## THE TASK:
Return the records word for word. Any pictures in them are not part of the copy.

※

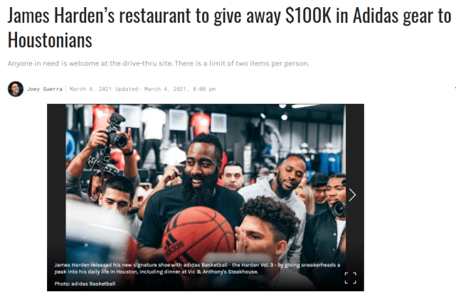 24直播网讯 北京时间3月5日,来自休斯顿媒体的报道,哈登在休斯顿经营的餐厅将和某运动品牌合作,为休斯顿捐赠价值10万美元的衣物鞋子装备。报道该新闻的记者评论道:虽然他已经离开了休斯顿,但他的心一直都在。
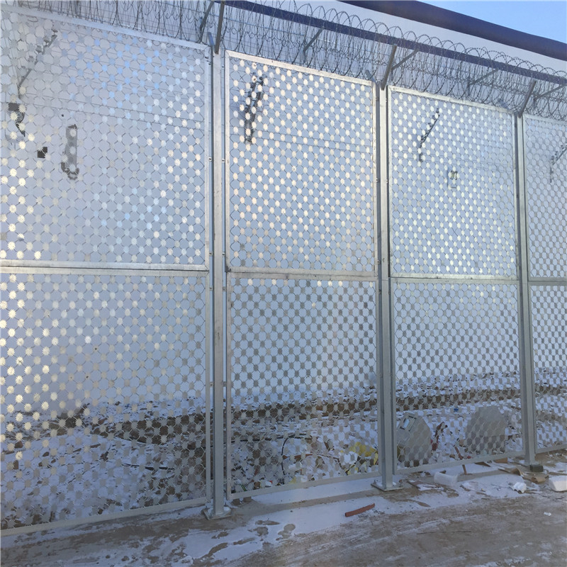 工程案例監(jiān)獄護欄網(wǎng)是一款為高機密高安全場所設計新型護欄網(wǎng),它主要是采用先進高強度的刀片刺網(wǎng)與優(yōu)質護欄網(wǎng)的結合體,由V型支架立拄,加強型焊接片網(wǎng),安全防盜連接件和刀片刺網(wǎng)組成,既安全環(huán)保又經(jīng)久耐用。刀片刺網(wǎng)是一種新型防護網(wǎng),由銳利尖角鍍鋅鋼板或不銹鋼薄板做刀片,鋼絲做芯線組合而成的防護器材.監(jiān)獄護欄網(wǎng)刀片刺網(wǎng)具有嚇阻、防翻越等效果,材質堅硬,高強度,高張力,造型設計獨特,不宜觸摸,因而能達到極好的防護隔離效果,監(jiān)獄護欄網(wǎng)采用低碳鋼絲焊接而成的網(wǎng)片、立柱、刺鐵絲(可選)、斜撐(可選)連接而成。監(jiān)獄護欄網(wǎng)具有美觀、大方、防腐性好、易保養(yǎng)、防攀爬能力強。主要適用于監(jiān)獄,機場,軍工企業(yè)周圍的隔離防護,美化及防翻越工程。
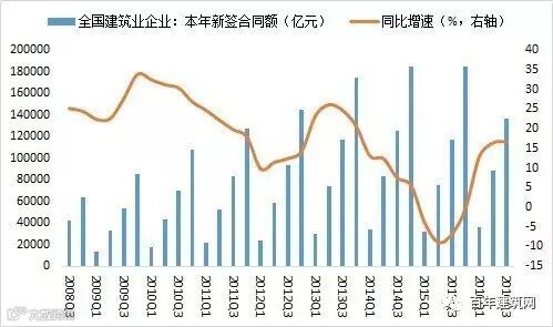 图2 建筑业新签合同额及增速
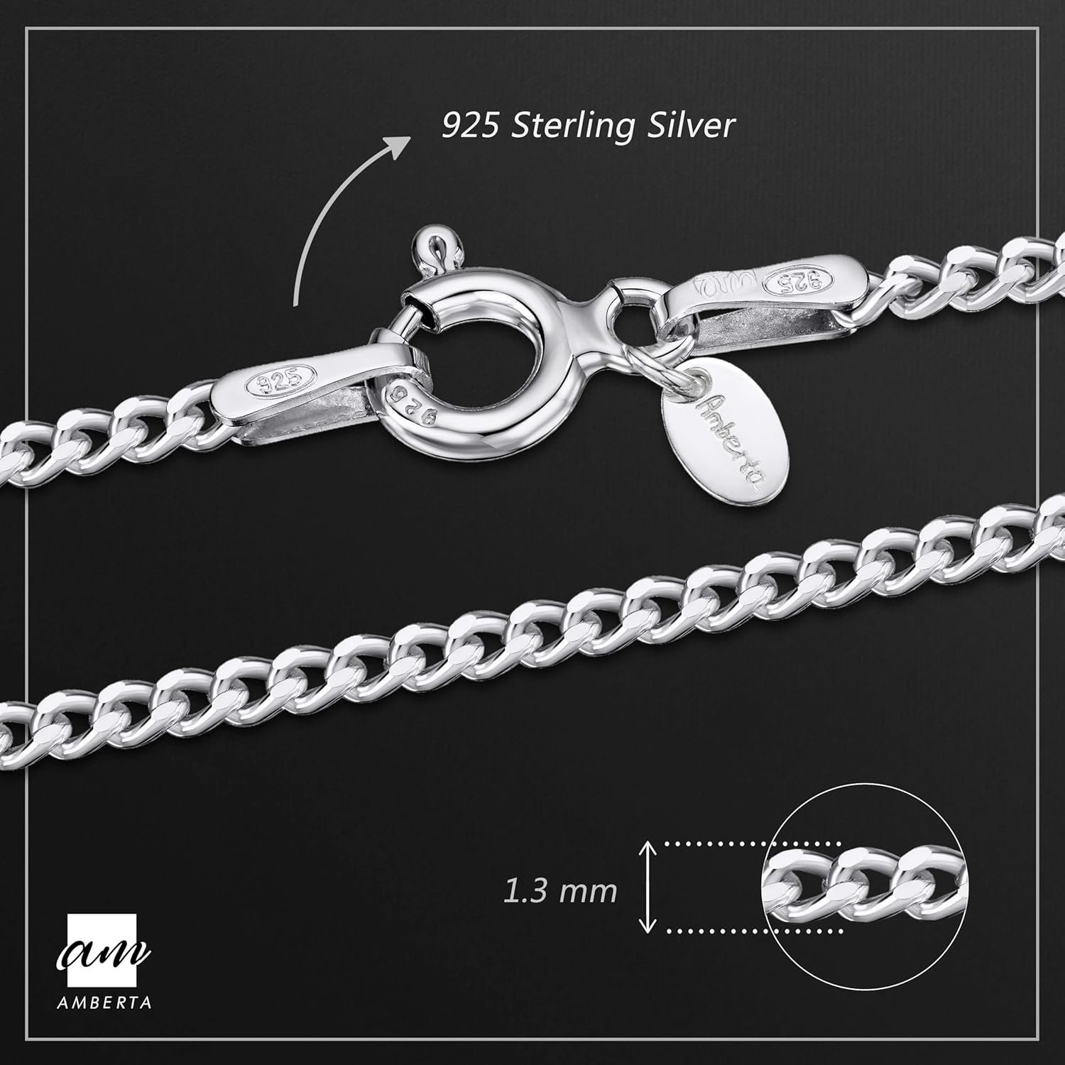 Amberta 925 Sterling Silver 1.5 mm Curb Chain Necklace Various Styles
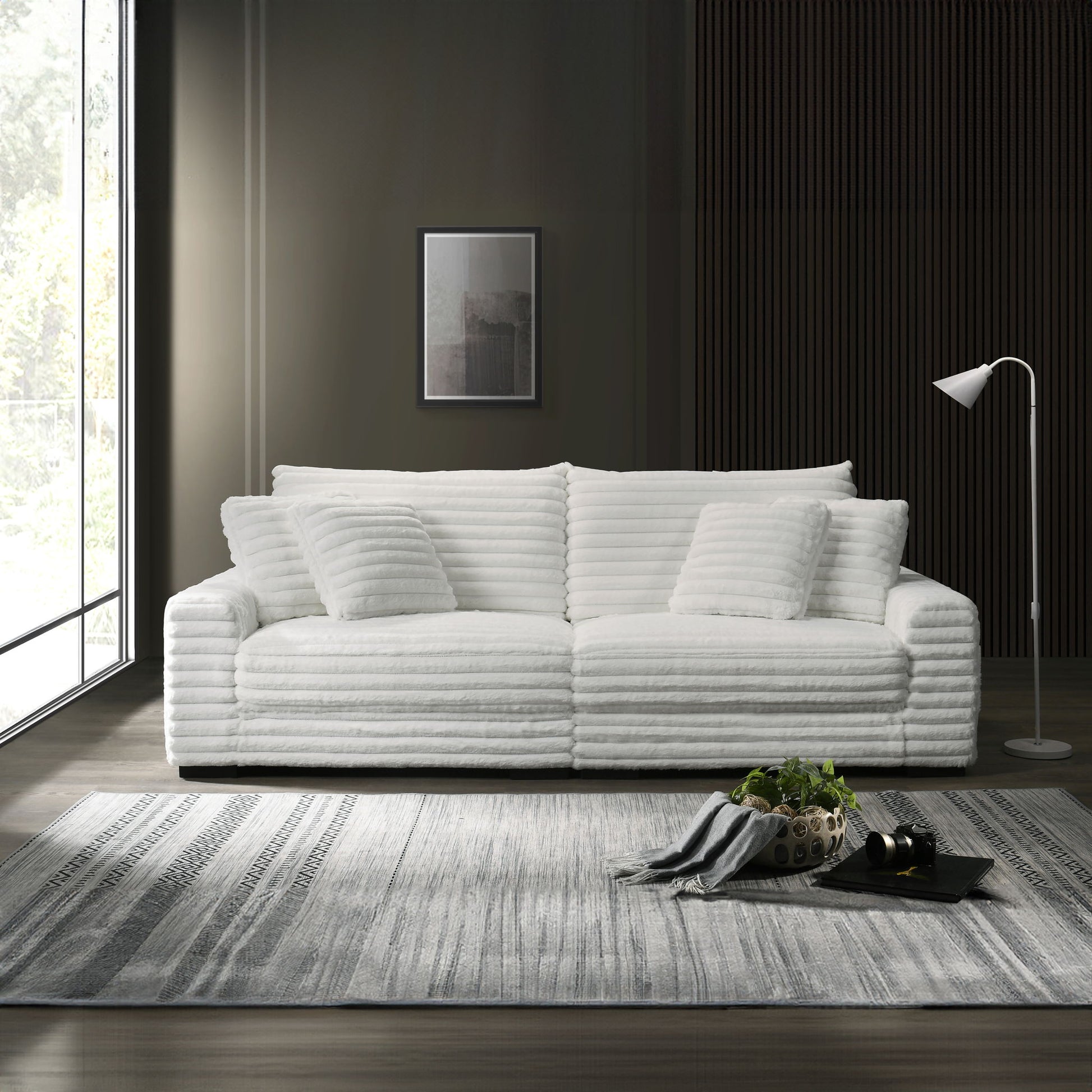 This two-piece Embrace sofa is designed to transform your living space into a haven of comfort and style. Made from 100% polyester fabric with a plush, blanket-like texture, it promises ultimate relaxation. The set includes a right arm facing chair, a left arm facing chair, and four cozy accent pillows, all crafted to enhance your lounging experience. The sofa''s high-density, resilient foam cushions provide unparalleled support, while the sturdy frame, constructed from a mix of solid and manufactured woods, ensures long-lasting durability. The luxurious ribbed channel fabric not only looks sophisticated but also adds a tactile dimension to your decor. Perfectly balancing easy living and transitional styling, the Embrace collection beckons you to snuggle up and unwind, making it a must-have centerpiece for any home.
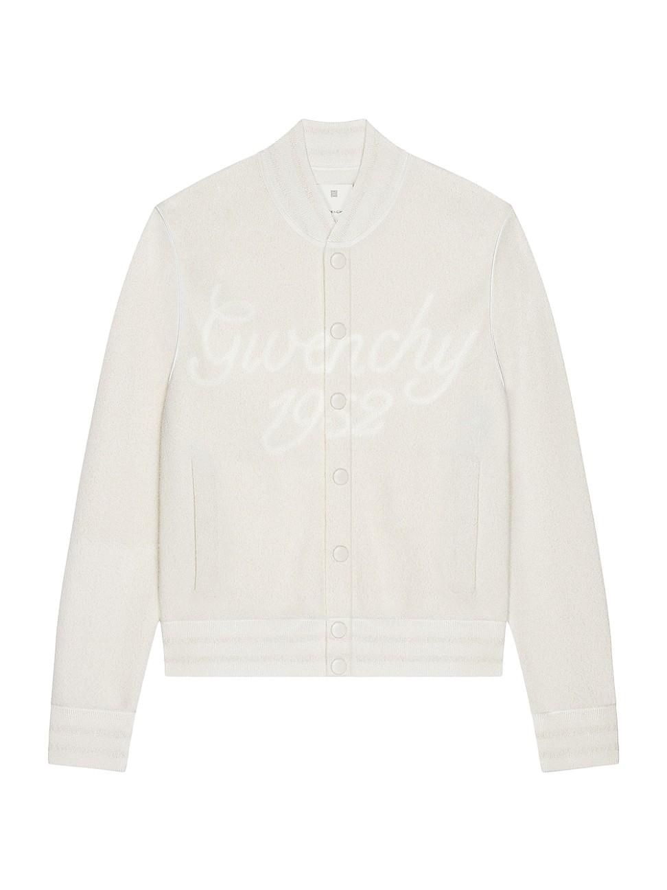Varsity jacket in knit. Varsity jacket in knit Small tone-on-tone Givenchy 1952 signature embroidered on the front Ribbed elastic knit collar, hem and cuffs Tone-on-tone snap closure Tone-on-tone piping detail Classic fit Composition: 50% polyamide, 50% cotton Imported. Lsd Rtw - Givenchy Rtw > Givenchy > Saks Fifth Avenue > Barneys. Givenchy. Color: Ivory. Size: Medium.
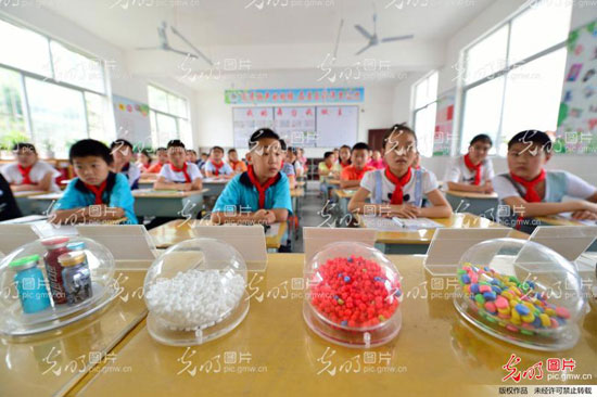 6月26日,湖北省保康县城关镇小学学生在观看毒品样本。杨韬摄/光明图片
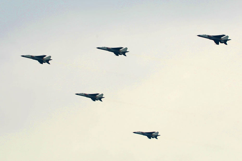 4月23日下午,為紀念中國人民解放軍海軍成立60周年而舉行的海上閱兵在青島附近黃海海域舉行。海上檢閱式分兩個階段,第一階段為海上分列式,檢閱中國海軍的艦艇和飛機;第二階段為海上閱兵式,檢閱來自14個國家的21艘艦艇。圖為海軍航空兵震撼登場。中新社發 宋吉河 攝
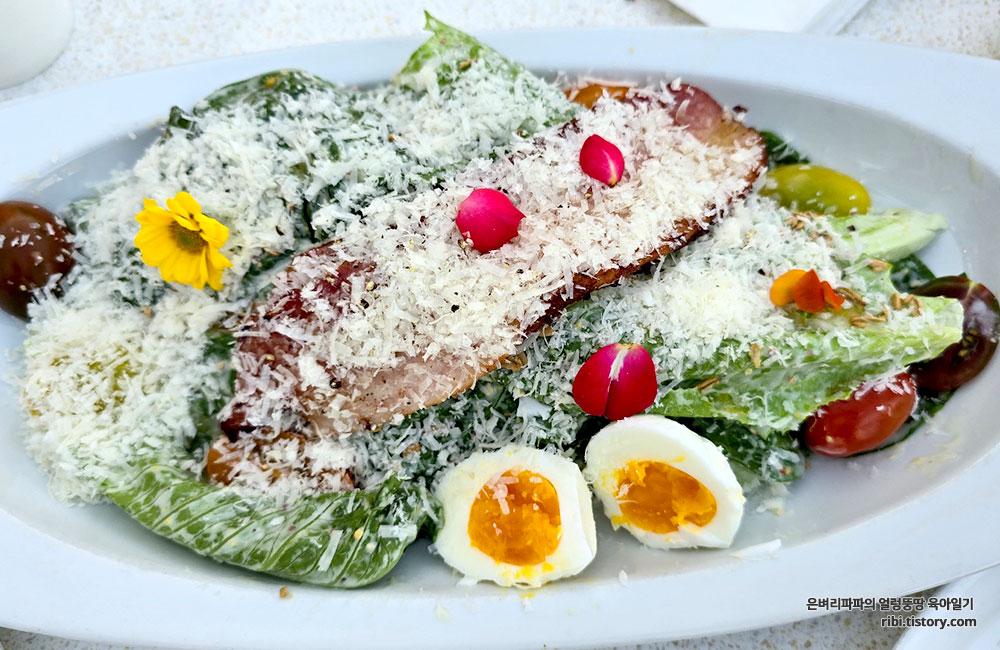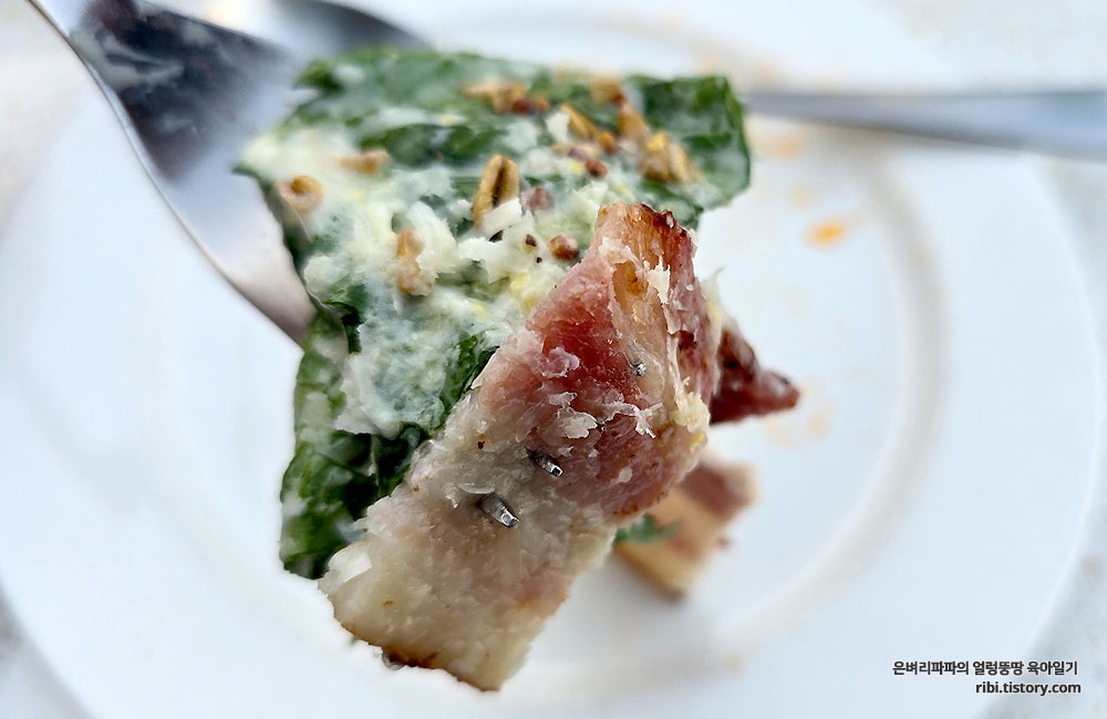 연이어 통삼겹 시저 샐러드가 나왔습니다.
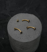Golden curved barbell made from gold pvd on 316L stainless steel and two prong set black cz gems on the ends. Internally threaded with 3mm gems. The length is 5/16" (8mm) with a 16G size. Cool piece to add to your jewelry collection! Sold individually (1pc).
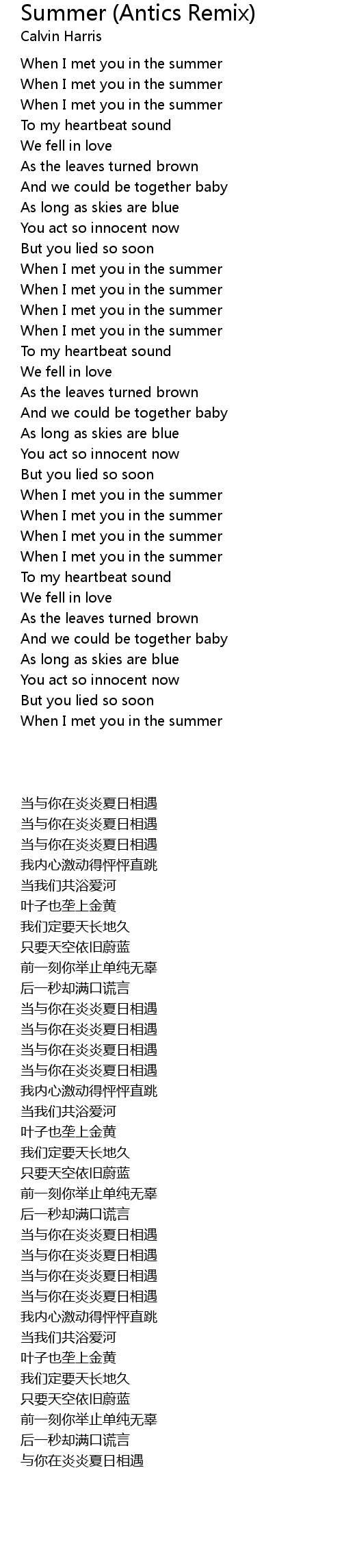 When I met you in the summer |
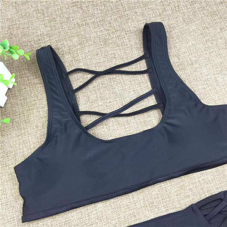 Hit the beach in this exclusive bikini set featuring a scoop neckline, thick shoulder straps, a criss-cross strappy open back with a tie back closure, and a matching bottom with criss-cross strappy sides, and a cheeky cut back.
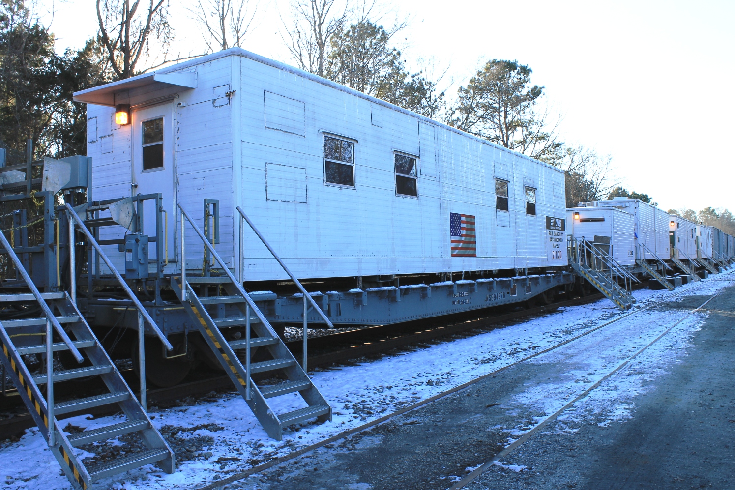 I chose this gang in particular as it provides a minimalist overview of a modellable camp. If the modeler desires, gang machines and equipment can be staged or work nearby. Since the gang uses buses and vans to shuttle gang members to the worksite, it would not be uncommon to have just the camp sitting on a siding or house track. The transport flats may stay with the gang or be stored in a nearby yard or suitable siding until called up to load equipment. If the gang travels machines between worksites instead of loading them for train transport, the transport flats may be held in storage at a terminal yard or remote track. There would be no need to represent the transport train at all. A small camp like that used by R-11 could be all that indicates program maintenance work in the area. Another interesting model would be the loaded-up train with camp cars moving on the mainline to a off layout worksite. CSX and NS move these trains all over the system on a regular basis.
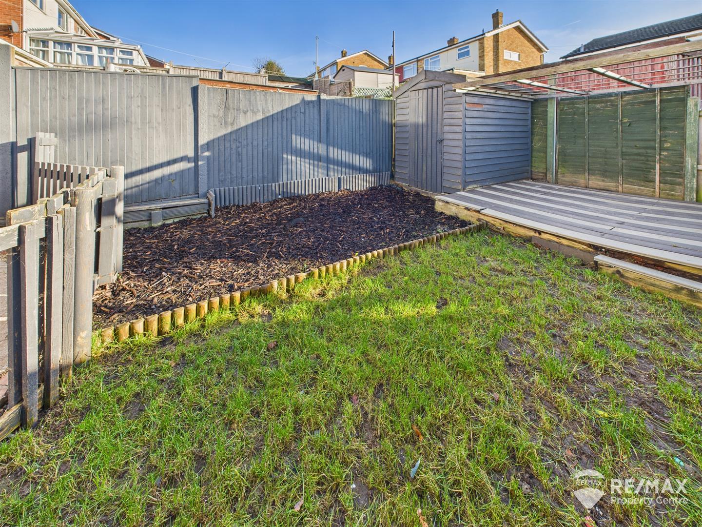 The rear garden enjoys a patio area, lawn, decked area, wooden storage shed to remain, outside tap
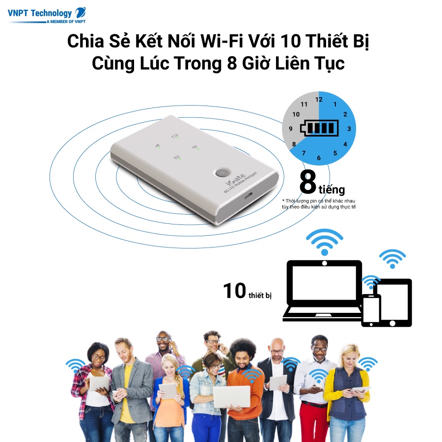lên tới 6 giờ (LTE), 8 giờ (UMTS). Sản phẩm được nghiên cứu, phát triển và sản xuất hoàn toàn tại Việt Nam, bởi VNPT Technology
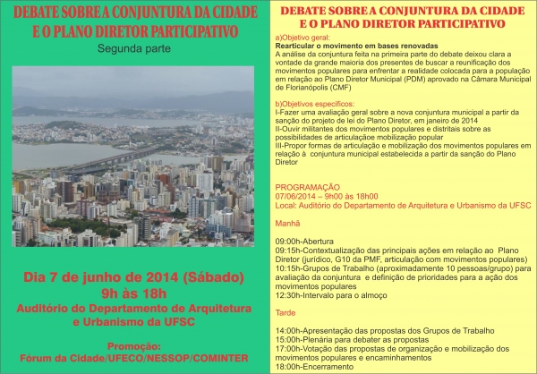 O FÓRUM DA CIDADE, juntamente com a UFECO, O NESSOP e o COMINTER, com base nesta realidade municipal, está promovendo a realização da SEGUNDA PARTE DO DEBATE POPULAR E UNIVERSITÁRIO - “A CONJUNTURA DA CIDADE E O PDP” a se realizar neste SÁBADO, DIA 07/06, no Departamento de Arquitetura e Urbanismo da UFSC, com o objetivo de proporcionar o aprofundamento da avaliação de conjuntura ocorrida na PRIMEIRA PARTE do debate, com 64 pessoas de diversas entidades da sociedade organizada, e discutir a retomada da articulação e das ações dos movimentos populares, sociais e sindicais da cidade. Entendemos que vamos precisar estar organizados para enfrentar as reuniões e Audiências Públicas novamente programadas às pressas, que são de fato simulacros de participação, promovidas pela PMF.

※

## FINISHED EXERCISE:
 24直播网讯 北京时间3月5日,来自休斯顿媒体的报道,哈登在休斯顿经营的餐厅将和某运动品牌合作,为休斯顿捐赠价值10万美元的衣物鞋子装备。报道该新闻的记者评论道:虽然他已经离开了休斯顿,但他的心一直都在。
 工程案例監(jiān)獄護欄網(wǎng)是一款為高機密高安全場所設計新型護欄網(wǎng),它主要是采用先進高強度的刀片刺網(wǎng)與優(yōu)質護欄網(wǎng)的結合體,由V型支架立拄,加強型焊接片網(wǎng),安全防盜連接件和刀片刺網(wǎng)組成,既安全環(huán)保又經(jīng)久耐用。刀片刺網(wǎng)是一種新型防護網(wǎng),由銳利尖角鍍鋅鋼板或不銹鋼薄板做刀片,鋼絲做芯線組合而成的防護器材.監(jiān)獄護欄網(wǎng)刀片刺網(wǎng)具有嚇阻、防翻越等效果,材質堅硬,高強度,高張力,造型設計獨特,不宜觸摸,因而能達到極好的防護隔離效果,監(jiān)獄護欄網(wǎng)采用低碳鋼絲焊接而成的網(wǎng)片、立柱、刺鐵絲(可選)、斜撐(可選)連接而成。監(jiān)獄護欄網(wǎng)具有美觀、大方、防腐性好、易保養(yǎng)、防攀爬能力強。主要適用于監(jiān)獄,機場,軍工企業(yè)周圍的隔離防護,美化及防翻越工程。
 图2 建筑业新签合同额及增速
 Amberta 925 Sterling Silver 1.5 mm Curb Chain Necklace Various Styles
 This two-piece Embrace sofa is designed to transform your living space into a haven of comfort and style. Made from 100% polyester fabric with a plush, blanket-like texture, it promises ultimate relaxation. The set includes a right arm facing chair, a left arm facing chair, and four cozy accent pillows, all crafted to enhance your lounging experience. The sofa''s high-density, resilient foam cushions provide unparalleled support, while the sturdy frame, constructed from a mix of solid and manufactured woods, ensures long-lasting durability. The luxurious ribbed channel fabric not only looks sophisticated but also adds a tactile dimension to your decor. Perfectly balancing easy living and transitional styling, the Embrace collection beckons you to snuggle up and unwind, making it a must-have centerpiece for any home.
Varsity jacket in knit. Varsity jacket in knit Small tone-on-tone Givenchy 1952 signature embroidered on the front Ribbed elastic knit collar, hem and cuffs Tone-on-tone snap closure Tone-on-tone piping detail Classic fit Composition: 50% polyamide, 50% cotton Imported. Lsd Rtw - Givenchy Rtw > Givenchy > Saks Fifth Avenue > Barneys. Givenchy. Color: Ivory. Size: Medium.
 6月26日,湖北省保康县城关镇小学学生在观看毒品样本。杨韬摄/光明图片
 4月23日下午,為紀念中國人民解放軍海軍成立60周年而舉行的海上閱兵在青島附近黃海海域舉行。海上檢閱式分兩個階段,第一階段為海上分列式,檢閱中國海軍的艦艇和飛機;第二階段為海上閱兵式,檢閱來自14個國家的21艘艦艇。圖為海軍航空兵震撼登場。中新社發 宋吉河 攝
 연이어 통삼겹 시저 샐러드가 나왔습니다.
Golden curved barbell made from gold pvd on 316L stainless steel and two prong set black cz gems on the ends. Internally threaded with 3mm gems. The length is 5/16" (8mm) with a 16G size. Cool piece to add to your jewelry collection! Sold individually (1pc).
 When I met you in the summer |
 Hit the beach in this exclusive bikini set featuring a scoop neckline, thick shoulder straps, a criss-cross strappy open back with a tie back closure, and a matching bottom with criss-cross strappy sides, and a cheeky cut back.
 I chose this gang in particular as it provides a minimalist overview of a modellable camp. If the modeler desires, gang machines and equipment can be staged or work nearby. Since the gang uses buses and vans to shuttle gang members to the worksite, it would not be uncommon to have just the camp sitting on a siding or house track. The transport flats may stay with the gang or be stored in a nearby yard or suitable siding until called up to load equipment. If the gang travels machines between worksites instead of loading them for train transport, the transport flats may be held in storage at a terminal yard or remote track. There would be no need to represent the transport train at all. A small camp like that used by R-11 could be all that indicates program maintenance work in the area. Another interesting model would be the loaded-up train with camp cars moving on the mainline to a off layout worksite. CSX and NS move these trains all over the system on a regular basis.
 The rear garden enjoys a patio area, lawn, decked area, wooden storage shed to remain, outside tap
lên tới 6 giờ (LTE), 8 giờ (UMTS). Sản phẩm được nghiên cứu, phát triển và sản xuất hoàn toàn tại Việt Nam, bởi VNPT Technology
 O FÓRUM DA CIDADE, juntamente com a UFECO, O NESSOP e o COMINTER, com base nesta realidade municipal, está promovendo a realização da SEGUNDA PARTE DO DEBATE POPULAR E UNIVERSITÁRIO - “A CONJUNTURA DA CIDADE E O PDP” a se realizar neste SÁBADO, DIA 07/06, no Departamento de Arquitetura e Urbanismo da UFSC, com o objetivo de proporcionar o aprofundamento da avaliação de conjuntura ocorrida na PRIMEIRA PARTE do debate, com 64 pessoas de diversas entidades da sociedade organizada, e discutir a retomada da articulação e das ações dos movimentos populares, sociais e sindicais da cidade. Entendemos que vamos precisar estar organizados para enfrentar as reuniões e Audiências Públicas novamente programadas às pressas, que são de fato simulacros de participação, promovidas pela PMF.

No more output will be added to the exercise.